Other significant results were on Pontryagin duality and differential geometry. He introduced the concept of a uniform space in general topology, as a by-product of his collaboration with Nicolas Bourbaki (of which he was a Founding Father). His work on sheaf theory hardly appears in his published papers, but correspondence with Henri Cartan in the late 1940s, and reprinted in his collected papers, proved most influential.

He discovered that the so called Weil representation, previously introduced in quantum mechanics by Irving Segal and Shale, gave a contemporary framework for understanding the classical theory of quadratic forms. This was also a beginning of a substantial development by others, connecting representation theory and theta functions.
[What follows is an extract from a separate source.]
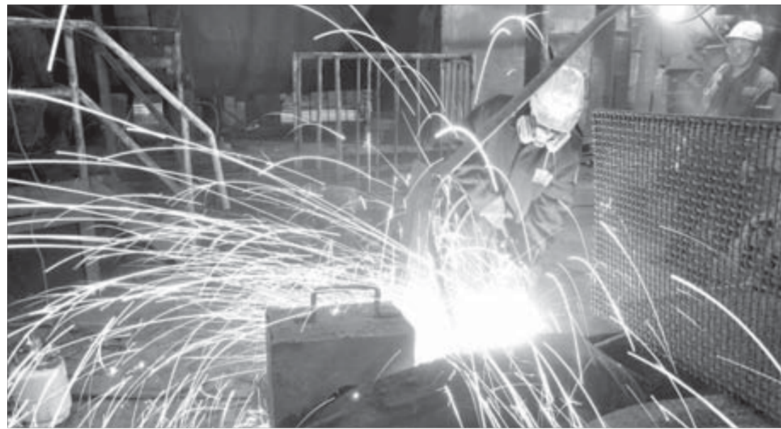
Работают специалисты высокой квалификации

На ремонте цепочки агломашин №6 было задействовано более 150 человек. Работали по 45–50 человек в смену. Оборудование в агломерационном цехе громоздкое, масштабное. Снятие бандажей и цилиндров осуществлялось стационарными грузоподъемными механизмами. Потом детали доставлялись на механический завод.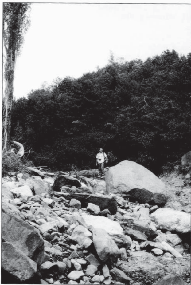
Foto 2.- Mobilització de material al Barranco de Betés en el pont de la carretera a Aso de Sobremonte (Punt b en la figura 1)

A més a més el desbordament del torrent va destruir els murs de contenció de les terrasses de diferents camps de conreu. El flux d'aigua que va circular per sobre de les terrasses va arrossegar còdols del d'un metre de calibre i 500

He also wrote several books on the history of Number Theory.

Weil's ideas made an important contribution to the writings and seminars of Bourbaki, before and after World War II.

He says on page 114 of his autobiography that he was responsible for the null set symbol (Ř) and it came from the Norwegian alphabet, with which he alone among the Bourbaki group was familiar.

Indian (Hindu) thought had great influence on Weil. In his autobiography, he says that the only religious ideas that appealed to him were those to be found in Hindu philosophical thought.

  • "God exists since mathematics is consistent, and the Devil exists since we cannot prove it."
  • Weil's Law of university hiring: "First rate people hire other first rate people. Second rate people hire third rate people. Third rate people hire fifth rate people."